American botanical illustrator

Adelia Sarah Gates (October 24, 1825 - September 21, 1912) was an American illustrator of botanical specimens. After several years working as an elementary schoolteacher and amateur decorative painter and watercolorist, she began to expand into scientific illustration, especially of plants and flowers. She traveled, collecting and documenting specimens from her expeditions later in her life.

== Early life ==
She was born in the Susquehanna Valley, specifically Otego, Otsego County. Gates worked as a governess, farm worker and teacher. At the age of 22, Gates moved to Lowell, Massachusetts to take up work in the cotton factories. In her thirties, she attended Antioch College, only to leave after two years due to health issues.

== Career ==
She started painting in her fifties, after taking lessons from Emilie Vouga in Geneva. Later in her life in San Francisco, she sought out further education in identification and naming of specimens from noted botanists Sara Plummer Lemmon and John Gill Lemmon, for which she traded lessons in "flower painting" and sketching.

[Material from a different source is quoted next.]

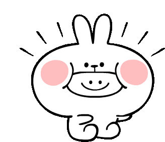A cute white rabbit character playfully bites the cheek of a round friend, then smiles adorably.
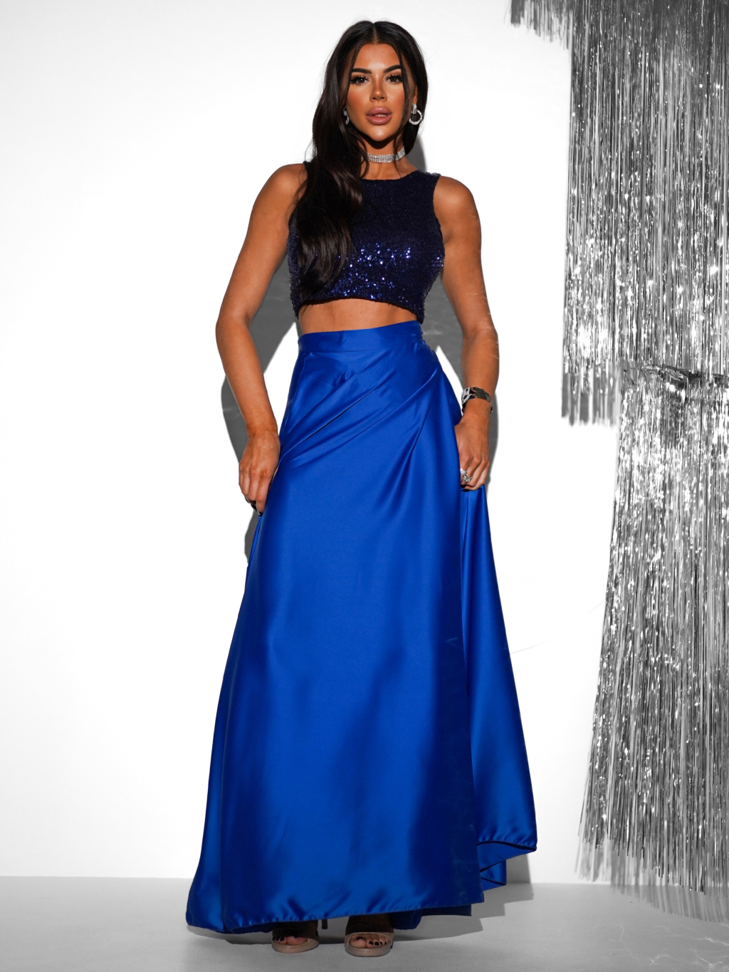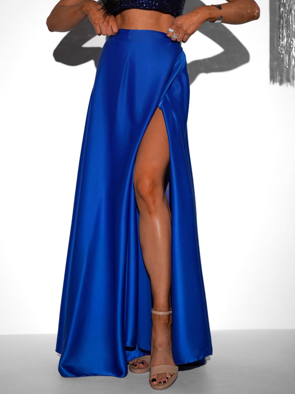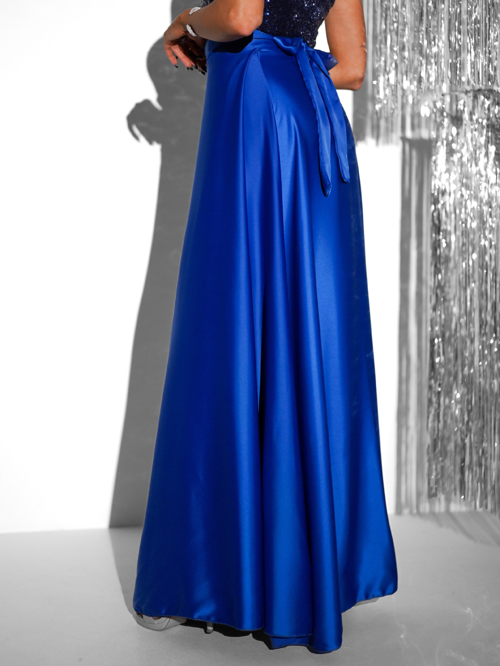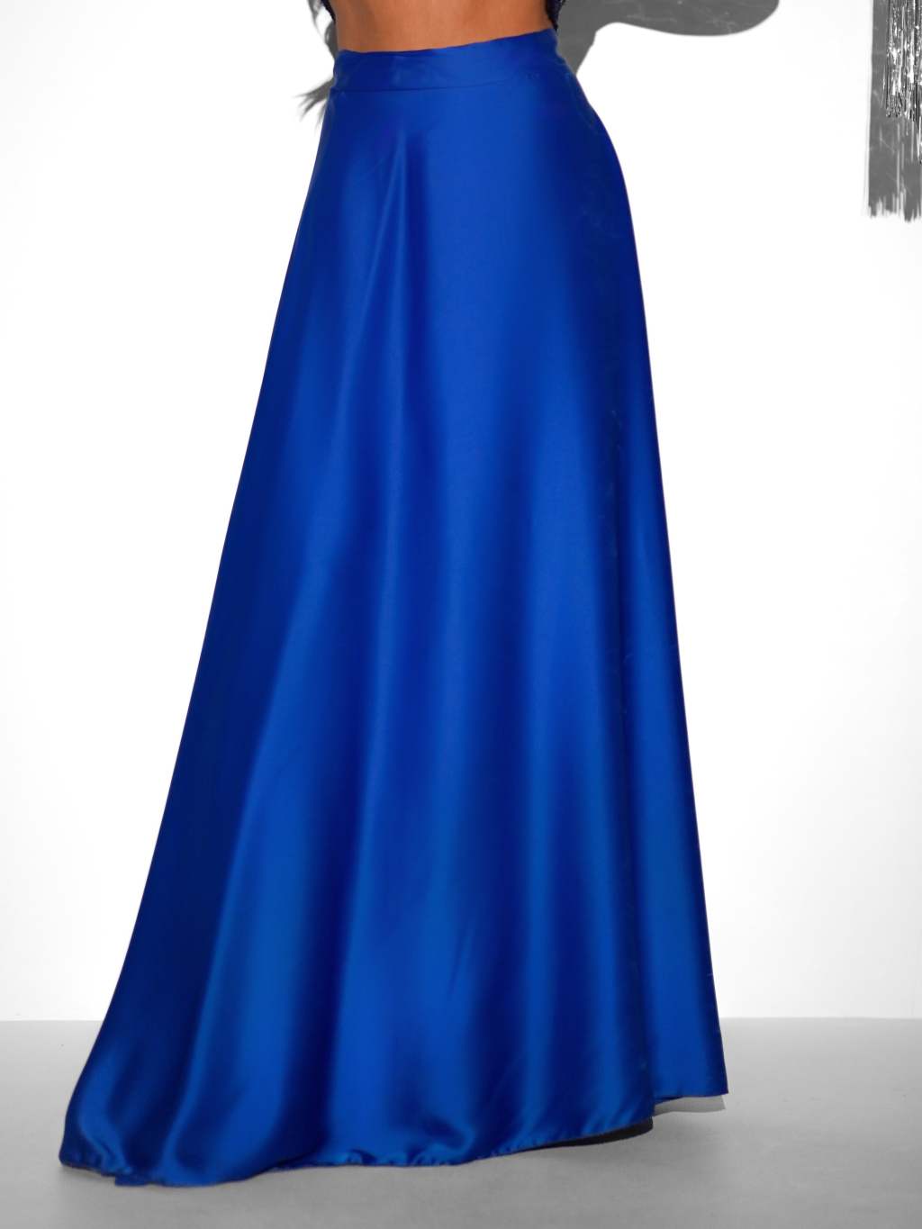 Modrá saténová dlouhá zavinovací sukně DENISSE

During her lifetime, a colorful biography of her life and travels including expeditions to paint specimens was written by Adela Elizabeth Orpen. Titled The chronicles of the Sid, or, The life and travels of Adelia Gates, it was published in New York by Fleming H. Revell Company and in London by the Religious Tract Society. In the book, Orpen describes Gates, who was her governess for 14 years, by saying that "Though an artist, she is not a great genius; though a traveller in many lands, she has had no thrilling adventures. She never did any horrid deed, nor suffered any hideous privations." Orpen refers to Gates as "the Sid," rather than Adelia, throughout the book explaining that "Sid means lady or mistress, and is the title by which she was known in the Sahara."

Gates died in San Francisco on September 21, 1912. After her death, over 600 of her works were exhibited and donated to the United States National Museum, Smithsonian Institution.